Author: Henrike Boden
Source: TUM
Contact: Henrike Boden – TUM
Picture: The image is in the public domain

Original research: Open access.
“Emission of aerosol particles increases exponentially above moderate exercise intensity, leading to superemission at maximum exercise” by Henning Wackerhage et al. PNAS


abstract

The emission of aerosol particles increases exponentially above a moderate training intensity, leading to superemission during maximal exercise

Many airborne pathogens, such as severe acute respiratory syndrome coronavirus 2 (SARS-CoV-2), are transmitted indoors via aerosol particles.

During exercise, lung ventilation can increase more than 10-fold, and therefore exercisers exhale a larger volume of aerosolized air. However, we do not currently know how exercise affects the concentration of aerosol particles in exhaled air and the total emission of aerosol particles.

Consequently, we developed a method to simultaneously measure the concentration of aerosol particles in expired air, lung ventilation and aerosol particle emission at rest and during a graded exercise test to exhaustion. Using this method, we tested eight women and eight men in a descriptive study.

We found that exhaled aerosol particle concentration increased significantly from 56 ± 53 particles/liter at rest to 633 ± 422 particles/liter at maximum intensity. The aerosol particle emission per person increased significantly by a factor of 132 from 580 ± 489 particles/min at rest to a superemission of 76,200 ± 48,000 particles/min at maximum exposure.

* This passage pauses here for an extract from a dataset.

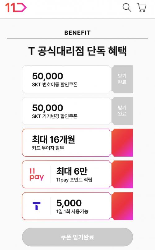 쿠폰+11pay 적립+티멤버십 등 할인 가능하고

There were no gender-specific differences in aerosol particle emission, but endurance athletes emitted significantly more aerosol particles than untrained subjects at maximum exertion. Overall, the aerosol particle emission increased moderately up to an exposure intensity of ∼2 W/kg and then exponentially.

Collectively, these data could partially explain superspreader events, particularly during high-intensity indoor group exercise, and suggest the need for strong infection prevention measures, particularly during exercise at an intensity greater than ∼2 W/kg.

Investigations into factors such as airway and whole-body hydration status during exposure to aerosol particle generation are needed.